If cost savings under an NBRT, allow companies to offer services privately to both employees and retirees in exchange for a substantial tax benefit. Employers who fund catastrophic care would get an even higher benefit, with the proviso that any care so provided be superior to the care available through Medicaid. Making employers responsible for most costs and for all cost savings allows them to use some market power to get lower rates, but no so much that the free market is destroyed. The ability to exercise market power, with a requirement that services provided in lieu of public services be superior, will improve the quality of patient care.

This proposal is probably the most promising way to decrease health care costs from their current upward spiral – as employers who would be financially responsible for this care through taxes would have a real incentive to limit spending in a way that individual taxpayers simply do not have the means or incentive to exercise.

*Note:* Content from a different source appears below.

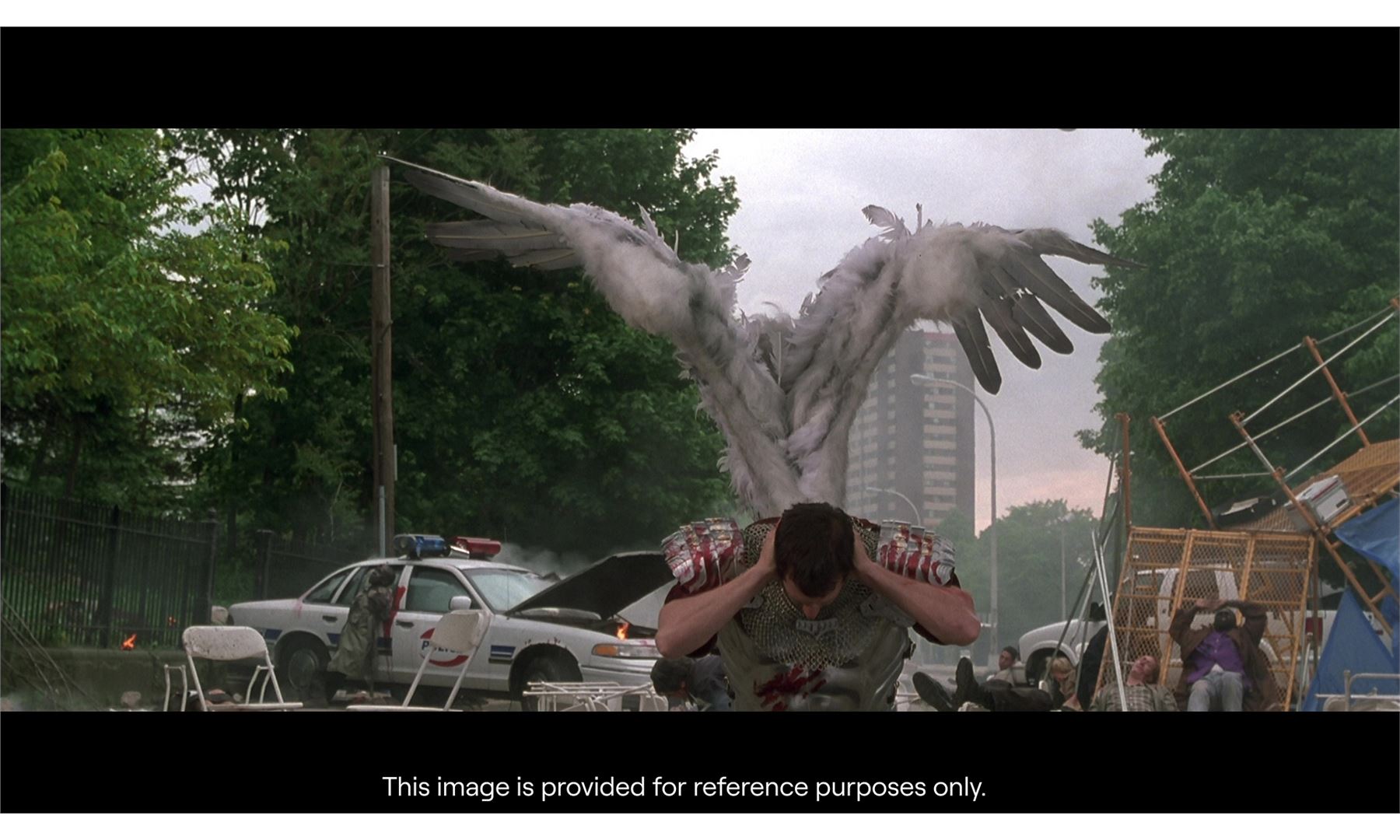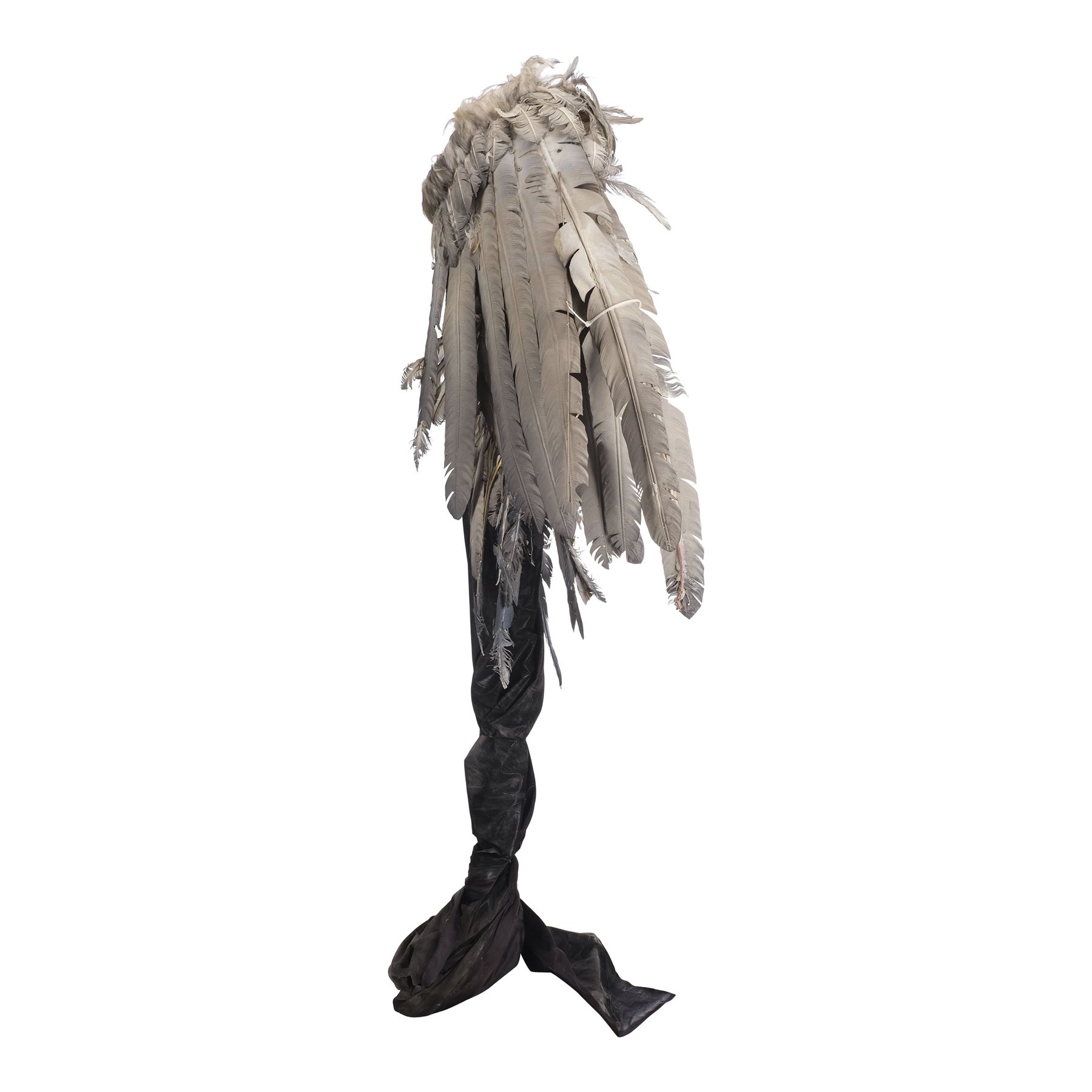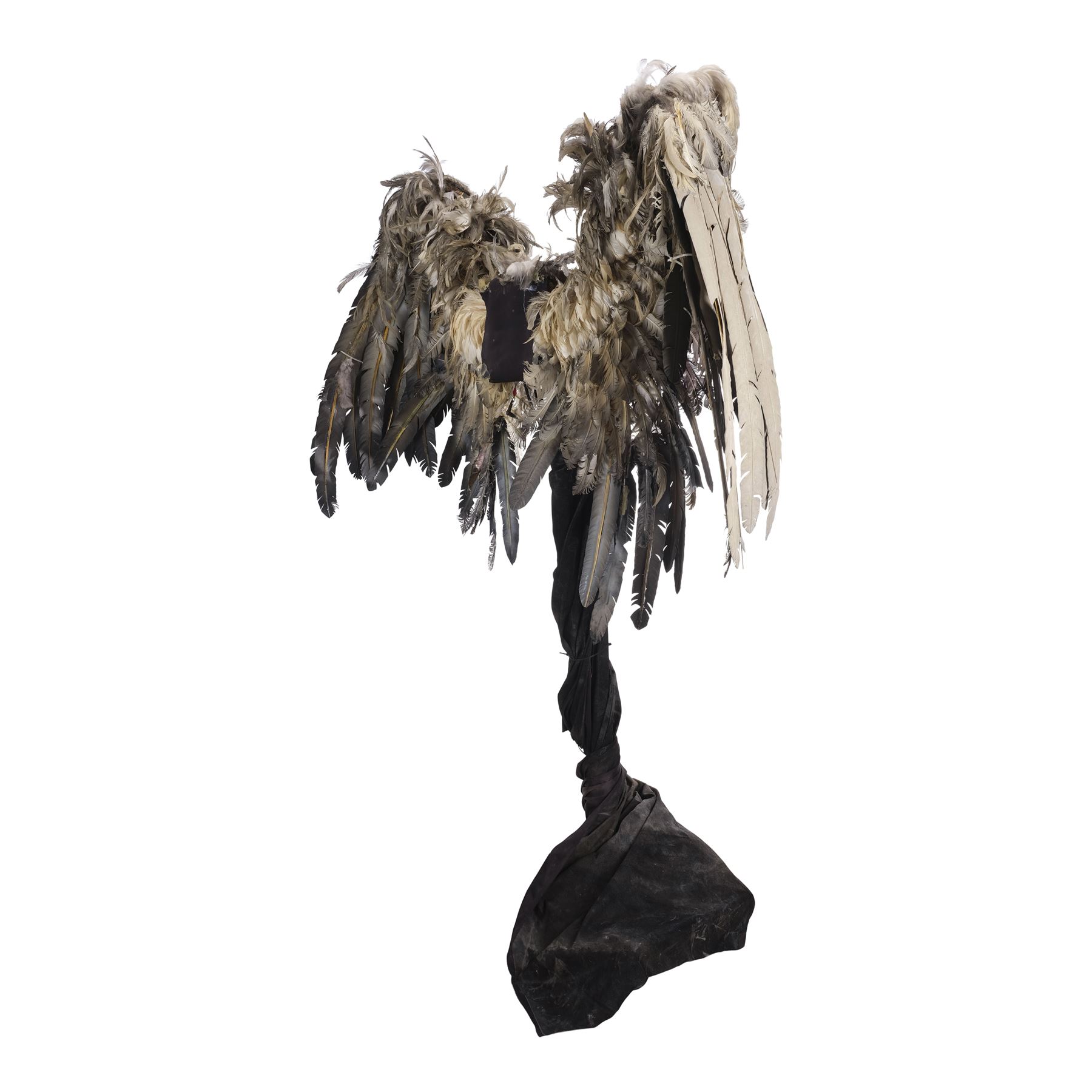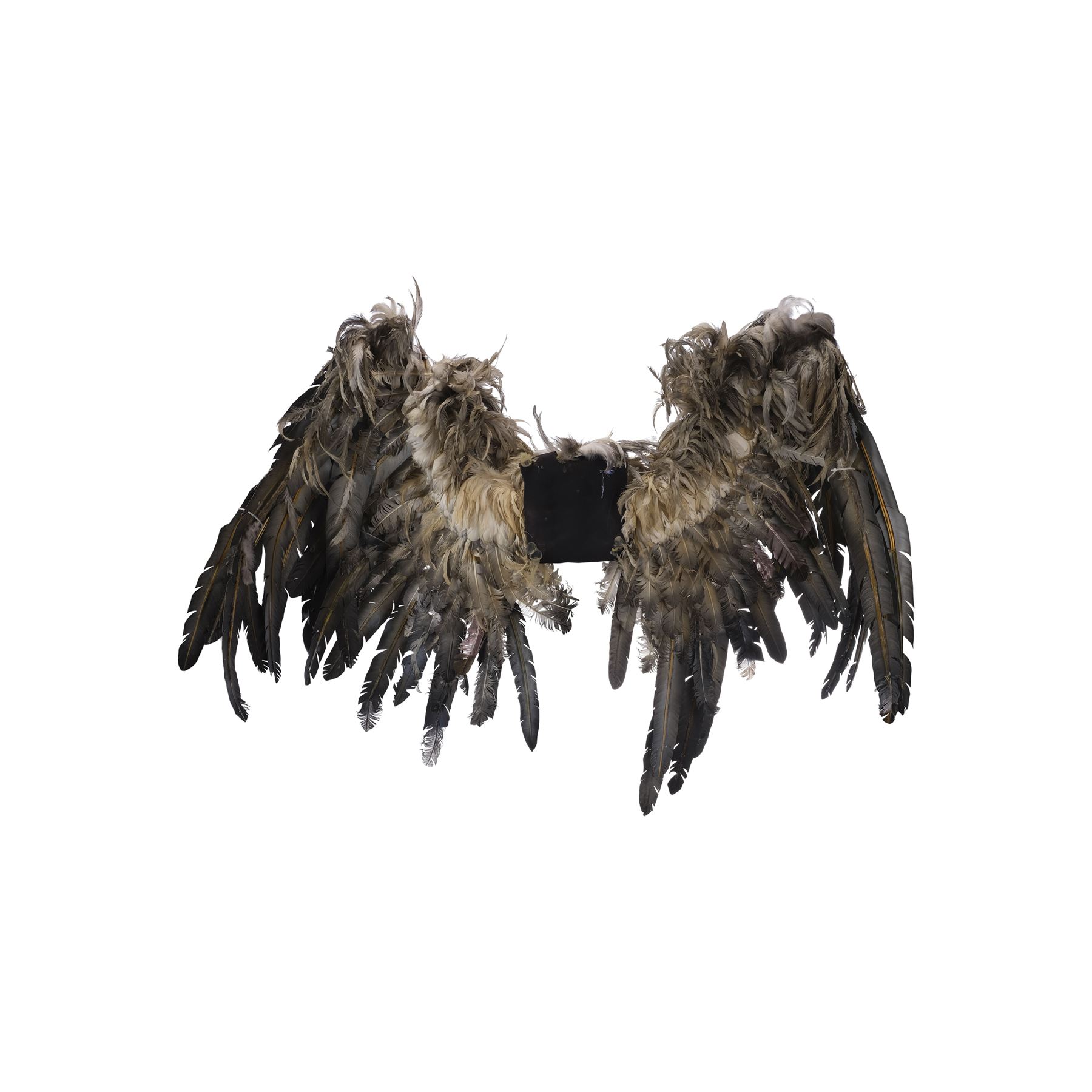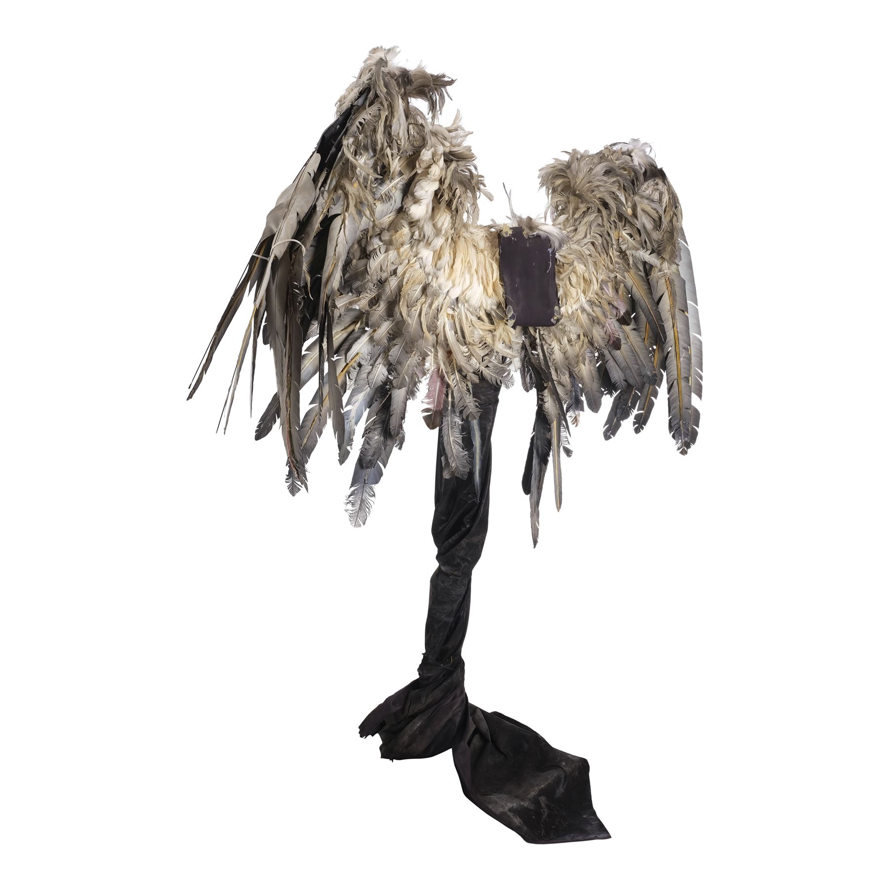 This pair of wings is made of a metal armature with over 20 different positions of movement controlled by two metal levers. These wings are attached to a foam-covered back plate and a metal stand to provide the wings stability, as well as to give the appearance that the wings are attached to the actor. The wings are covered in a combination of short keratin feathers and long thermoplastic flight feathers in various shades from white to gray. This lot exhibits frayed feathers, discoloration, and a buildup of grime. Dimensions: 70" x 18" x 83" (178 cm x 45.75 cm x 211 cm)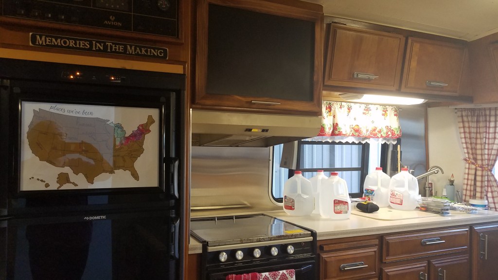 This same trend continued when we bought our 1987, 32 foot, S model Avion just as the Covid-19 pandemic was hitting in March 2020. She was delivered to us in April, by June the original huge, heavy clunker microwave was on the trash heap. The cabinet that once held it now has been usefully repurposed to hold kitchen contraptions I DO USE…my Instapot, my small sized air fryer, my mini Belgian waffle maker…and then a felt bin that holds batteries, quick little tool box and my sewing box. It will probably hold my portable sewing machine for the first few years of our full timing…cause I just wont be able to part with it yet! LOL

While not all employers would participate, those who do would dramatically alter the market. In addition, a kind of beneficiary exchange could be established so that participating employers might trade credits for the funding of former employees who retired elsewhere, so that no one must pay unduly for the medical costs of workers who spent the majority of their careers in the service of other employers.

Employer provided health care will also reverse the trend toward market consolidation among providers. The extent to which firms hire doctors as staff and seek provider relationships with providers of hospital and specialty care is the extent to which the forces of consolidation are overcome by buyers with enough market power to insist on alternatives, with better care among the criteria for provider selection.

The NBRT would replace disability insurance, hospital insurance, the corporate income tax, business income taxation through the personal income tax and the mid range of personal income tax collection, effectively lowering personal income taxes by 25% in most brackets. Note that collection of this tax would lead to a reduction of gross wages, but not necessarily net wages – although larger families would receive a large wage bump, while wealthier families and childless families would likely receive a somewhat lower net wage due to loss of some tax subsidies and because reductions in income to make up for an increased tax benefit for families will likely be skewed to higher incomes. For this reason, a higher minimum wage is necessary so that lower wage workers are compensated with more than just their child tax benefits.

Thank you for the opportunity to address the committee. We are, of course, available for direct testimony or to answer questions by members and staff.